Task instructions:
Nothing but the lines below from the first through the one with "Ta antistresna stiskalna" should appear, printed exactly; please leave pictures out.
[Source data — start]
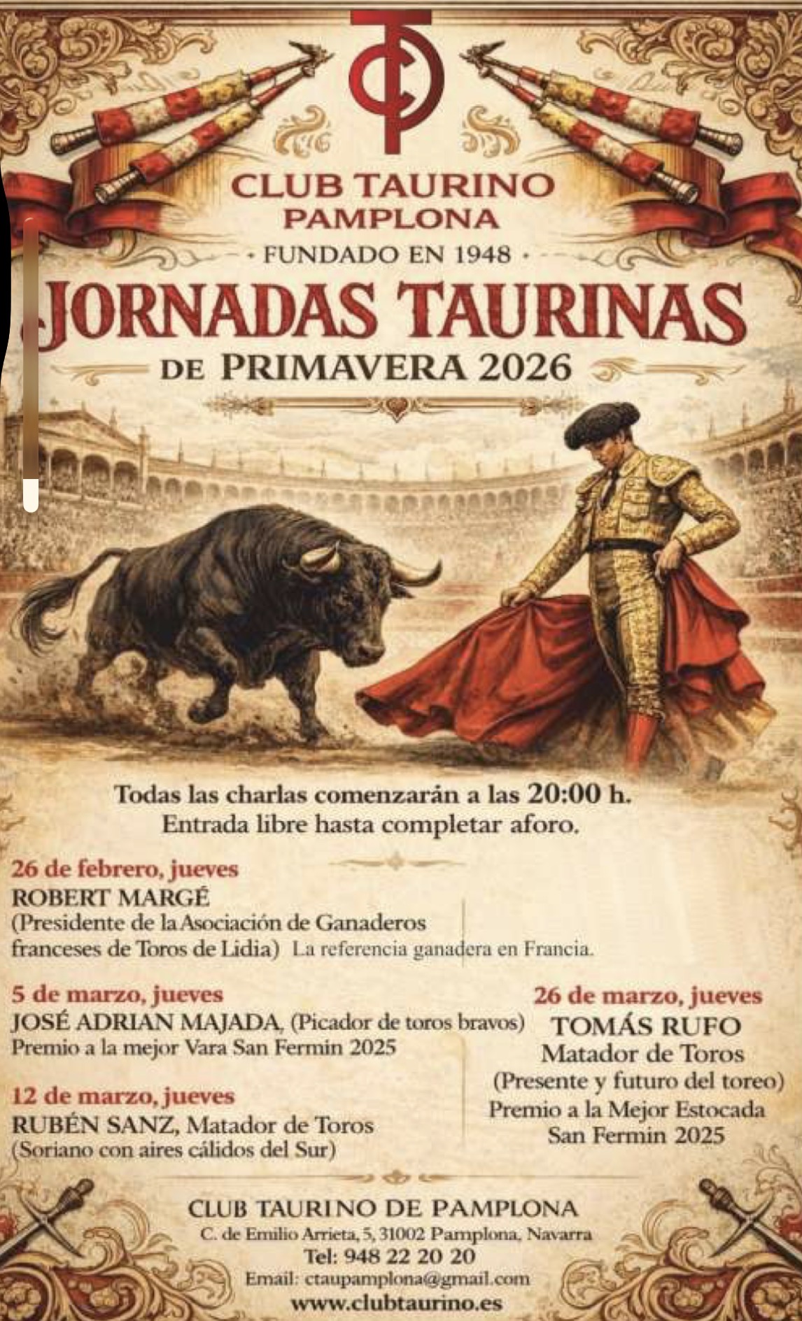 El Club Taurino de Pamplona ha hecho público el cartel de sus Jornadas Taurinas de Primavera
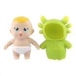 Ta antistresna stiskalna igrača v obliki dojenčka v živalskem kostumu ponuja pomirjujoč otipni občutek in hkrati odlično zabavo. Prožen silikon je prijeten za držanje, prenese pogosto stiskanje in se vedno zanesljivo vrne v prvotno obliko.
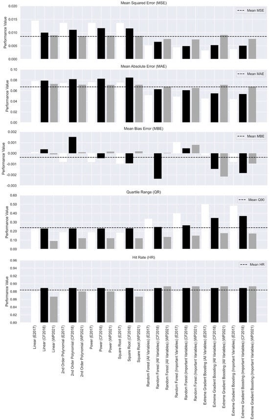 The event damage predictions for univariable and multivariable models compared to observations are presented in Figure 3 and Figure 4, respectively. For consistency with international studies [5], univariable models predicted DRb in response to water depth above ground level. Square root and second-order polynomial regression demonstrated the highest prediction precision and reliability overall for the univariable models tested (Figure 5). Precision in terms of MSE and MAE was slightly higher (12% and 15%, respectively) than the linear regression model, the simplest and lowest-performing univariable model. The higher-performing square root regression was consistent with several international studies which observed similar univariable model trends in fluvial flood hazard contexts. Univariable hit rates (HRs) were higher for WP2021, ranging from 0.86 to 0.88, with a relatively lower uncertainty for its QR (0.08 to 0.12) compared to other events. Models for E2017 and CF2018 returned similar HR values but demonstrated larger uncertainties with QR, ranging between 0.18 and 0.23. Prediction uncertainties for these events could be attributed to highly localised flow conditions due to levee-breach failure (E2017) or wave action (CF2018), as indicated by the presence of flow velocity damage. Such conditions were not observed for WP2021, with damage more highly influenced by water depth (Figure 2). Additionally, larger uncertainties for CF2018 DRb predictions could be attributed to the small damage sample (n = 57) for model learning. Here, univariable model predictions demonstrated large variations relative to the 1:1 identity line shown in Figure 3. Model over- and under-prediction represents the inability of simple univariable models to represent the relationship between DRb and water depth above ground level when fewer damage samples are available for model learning.
[Source data — finish]
Result of the exercise:
 El Club Taurino de Pamplona ha hecho público el cartel de sus Jornadas Taurinas de Primavera
 Ta antistresna stiskalna igrača v obliki dojenčka v živalskem kostumu ponuja pomirjujoč otipni občutek in hkrati odlično zabavo. Prožen silikon je prijeten za držanje, prenese pogosto stiskanje in se vedno zanesljivo vrne v prvotno obliko.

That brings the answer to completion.